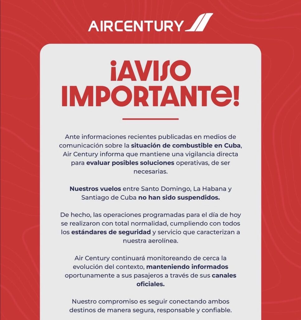- La Compañia Aircentury anunció que mantendrá sus vuelos a Cuba.
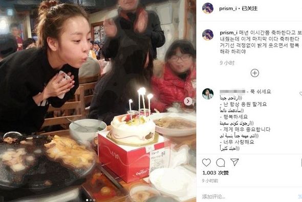 公开的照片中,具荷拉在自己的生日之际吹着蛋糕蜡烛,拿着烟花灿烂地微笑。
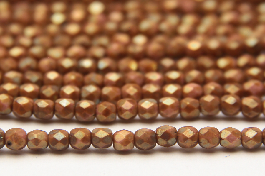 3mm facetted round beads in Gold Lustred Opaque Caramel. These gorgeous beads, produced in the Czech Republic, are machine cut for extreme precision and made with the highest quality, locally produced glass – 50 beads per strand
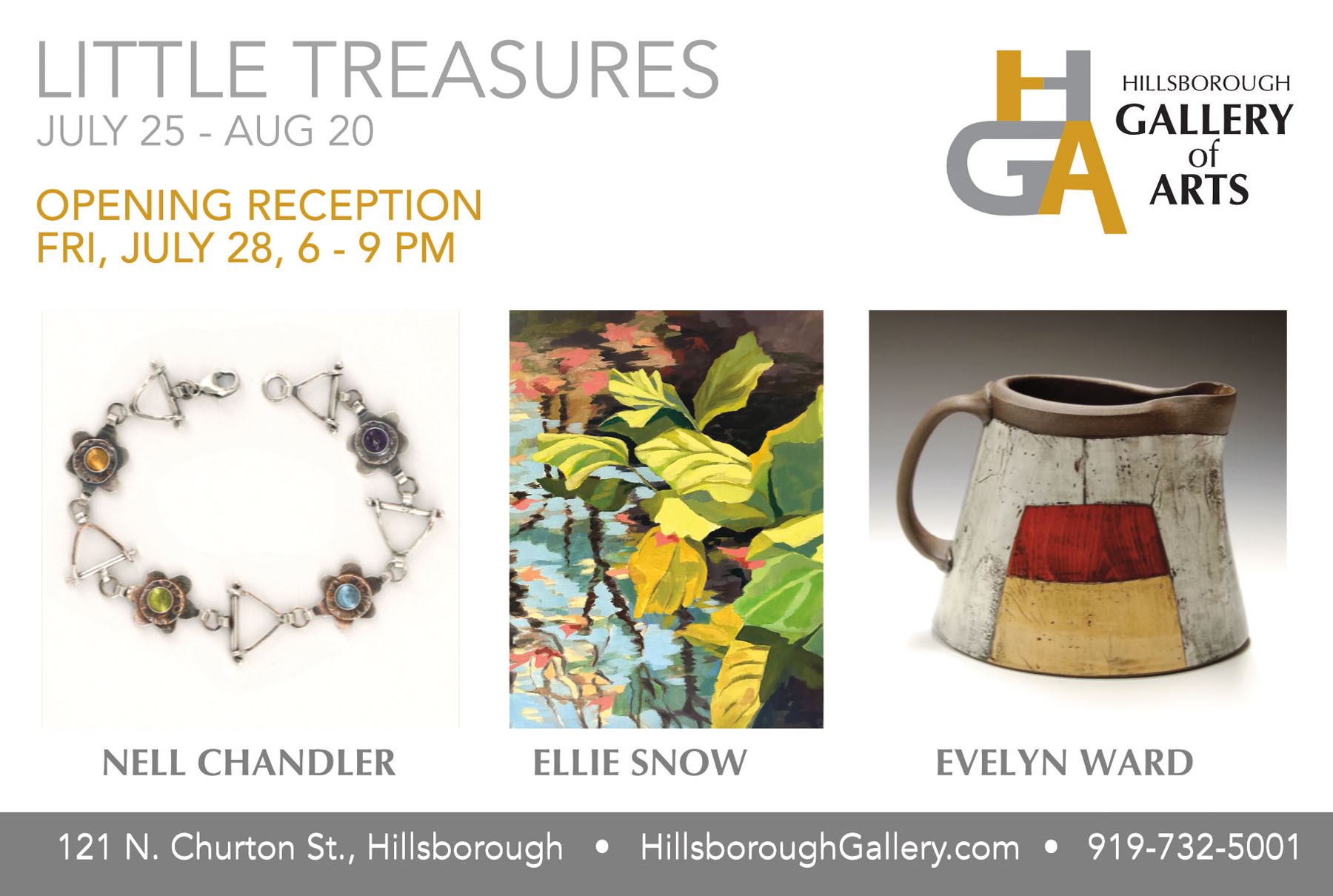 Hillsborough Gallery of Arts is holding the opening reception for their newest showing Little Treasures. The exhibition features mixed metal jewelry from Nell Chandler, mixed media and acrylic paintings by Ellie Snow, and pottery by Evelyn Ward. The art will be available for viewing until August 20th, but the opening reception is this Friday. For more information on the exhibition or the opening ceremony, click here.
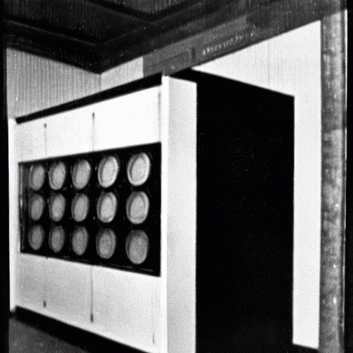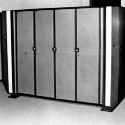 На изображении представлены шкафы, предположительно относящиеся к обслуживающей системе регистров 80–150 машины БРЭМ. Хотя подлинность фотографии не подтверждена документально, отсутствуют убедительные основания считать её подделкой. Вероятно, снимок относится к периоду активной эксплуатации или демонтажа системы в середине XX века.
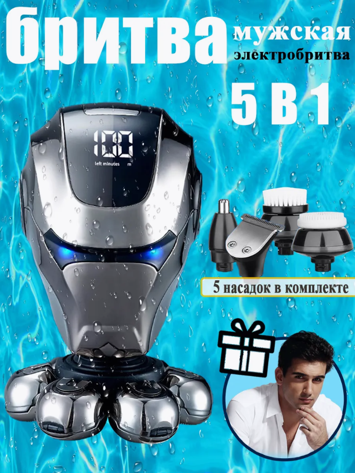 Бритва электрическая 6 в 1, Подарок на 23 февраля, Электробритва мужская, стрижки и ухода за собой с защитой от воды. информация:
- - - - - - -
Retype word for word the span of lines above that begins with the line containing "3mm facetted round" and ends with the last line of the records; skip all pictures.

 3mm facetted round beads in Gold Lustred Opaque Caramel. These gorgeous beads, produced in the Czech Republic, are machine cut for extreme precision and made with the highest quality, locally produced glass – 50 beads per strand
 Hillsborough Gallery of Arts is holding the opening reception for their newest showing Little Treasures. The exhibition features mixed metal jewelry from Nell Chandler, mixed media and acrylic paintings by Ellie Snow, and pottery by Evelyn Ward. The art will be available for viewing until August 20th, but the opening reception is this Friday. For more information on the exhibition or the opening ceremony, click here.
 На изображении представлены шкафы, предположительно относящиеся к обслуживающей системе регистров 80–150 машины БРЭМ. Хотя подлинность фотографии не подтверждена документально, отсутствуют убедительные основания считать её подделкой. Вероятно, снимок относится к периоду активной эксплуатации или демонтажа системы в середине XX века.
 Бритва электрическая 6 в 1, Подарок на 23 февраля, Электробритва мужская, стрижки и ухода за собой с защитой от воды. информация:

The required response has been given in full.